Она вздохнула, сжала руку Фёдора, немного помолчала, видимо, собираясь с мыслями, и начала свой рассказ.
— Я была совсем девчонкой, когда познакомилась с твоим отцом. И когда на третий день нашего знакомства он сделал мне предложение — летала от счастья. И всё у нас хорошо было, мы любили друг друга, занимались общим делом, пока не случилось то, что случилось… — Мама отвернулась, но Фёдор успел заметить слёзы в её глазах. — Все наши проблемы начались после смерти Настеньки, твоей старшей сестры.
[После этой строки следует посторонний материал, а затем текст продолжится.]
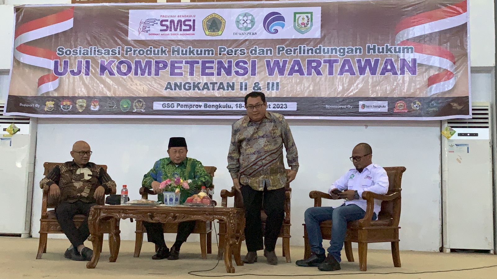 Hadir dalam UKW ini antara lain Dekan FIKOM Universitas Prof Dr Moestopo (Bergama) HM Saifullah, MSi, dan Asisten II Setda Provinsi Bengkulu Fahriza Razie yang mewakili gubernur membuka UKW, Ketua SMSI Provinsi Bengkulu Wibowo Susilo, dan Ketua Persatuan Wartawan Indonesia (PWI) Provinsi Bengkulu Marsal Abadi.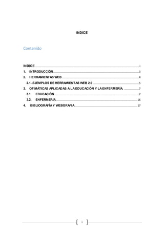 Este documento presenta una introducción a las herramientas web y ofimáticas aplicadas a la educación y la enfermería. Explica algunas herramientas web como Mindmeister, MediaWiki, Google Docs y WordPress. Luego describe cómo se pueden usar herramientas ofimáticas como Drive, Dropbox, Gmail, Hotmail y Mendeley en la educación, así como Epi Info y Quipux en la enfermería. El documento proporciona ejemplos de cómo estas herramientas mejoran los procesos educativos y de enfermería.

Да, Федя, о том, что у тебя была сестра, я тоже не хотела тебе рассказывать, — повинилась она.
— Я знаю про сестру, мама, — бросил короткий взгляд на отчима Фёдор.
— Рома? — спросила мама и, получив в ответ кивок, продолжила: — У меня началась депрессия, я никого не хотела видеть, винила всех вокруг в смерти дочери. Жила в коконе своего горя и не замечала, что и Серёже тяжело. В конце концов я превратила и свою, и его жизнь в ад, и Серёжа настоял, чтобы я начала принимать антидепрессанты.
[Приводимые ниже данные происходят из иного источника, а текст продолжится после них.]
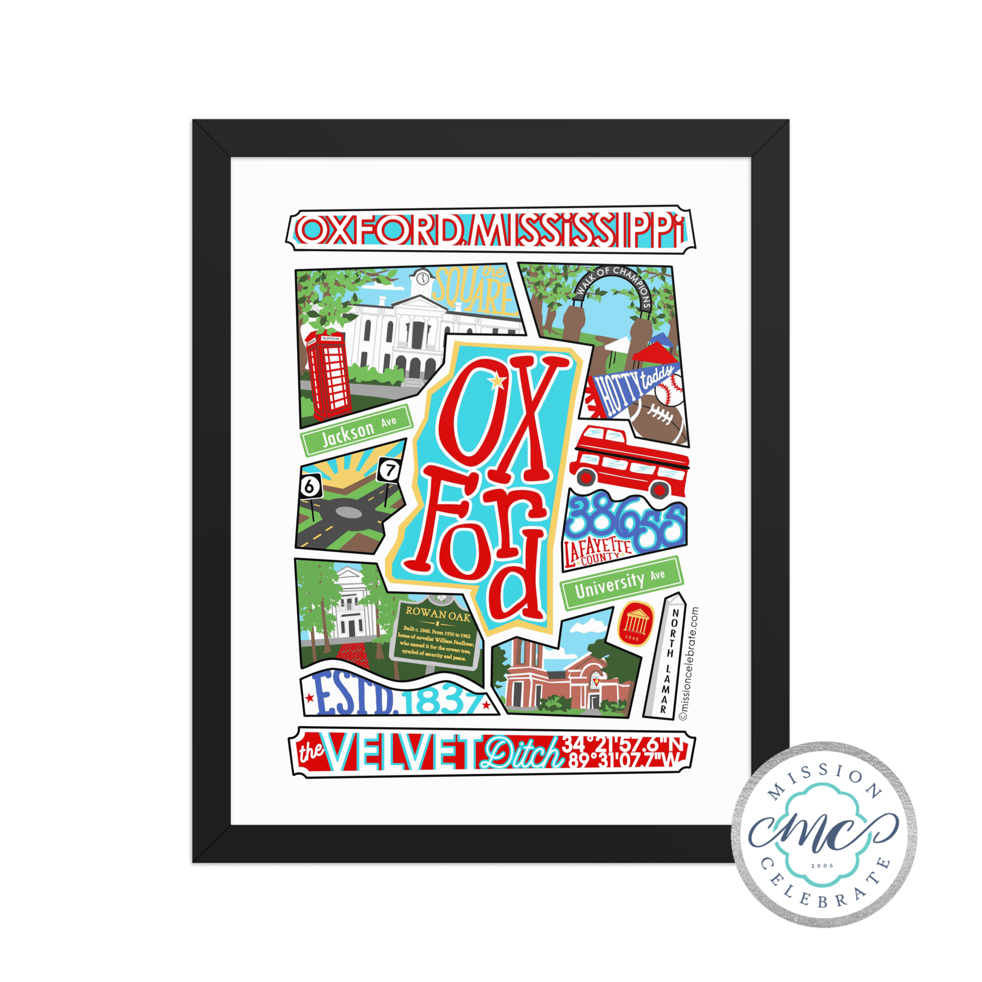 Oxford Mississippi Art Collage Framed Print by Main Street Collective: Velvet Ditch, Rowan Oak, Ole Miss Landmarks

Мама опять замолчала, взяла со столика чашку с чаем, подержала её в руках и сделала глоток.
— Депрессия отступила, но не ушла. Я научилась улыбаться на людях, изображала, что всё у меня хорошо, что я счастлива… Умудрялась даже мужа в постели обманывать, что мне всё нравится.
И опять замолчала, переводя взгляд с одного предмета в комнате на другой.
— А потом я забеременела во второй раз и не смогла выносить ребёнка, — снова вздохнула она.
Фёдору хотелось прекратить всё, попросить маму не продолжать — каждый её вздох рвал его сердце на части. А что она сейчас чувствует?! Прав был отец! Но, словно почувствовав его порыв, мама обняла Фёдора за плечи и прижала к себе, как будто делилась силой. И продолжила:
— Твой отец ждал срыва, но я смогла взять себя в руки. Даже диссертацию защитила. Вот только мы с Сергеем всё дальше и дальше отдалялись друг от друга, жили как соседи. Об интиме и речи не было, прости за подробности, но без этого никак, — попросила прощения мама. — Мне это было не нужно, а может, я просто боялась… Твой же отец был здоровым молодым мужчиной и совсем не монахом. Знала ли я о его связях на стороне? Конечно знала. Но предпочитала делать вид, что ничего не происходит, что семья у нас крепкая и счастливая. А вот в себе растила обиду, по-прежнему обвиняя его в смерти дочери, хотя его вины в этом не было от слова совсем, и в предательстве. Но вот отпустить его, разойтись я была не готова. И пошла на обман.
Роман Владимирович вскочил на ноги и снова начал кружить по комнате, сжимая и разжимая кулаки. Фёдор подозревал, что и он не отпустил обиды на отца. И если бы тот сейчас стоял перед ним, без всяких сомнений врезал бы ему от всей души, позабыв о своей интеллигентности.
— Рома, сядь и не мельтиши, — прикрикнула на него мама. — Сам говоришь, что это всё в прошлом, так чего нервничаешь!
Роман Владимирович посмотрел на неё виновато и послушно уселся в кресло.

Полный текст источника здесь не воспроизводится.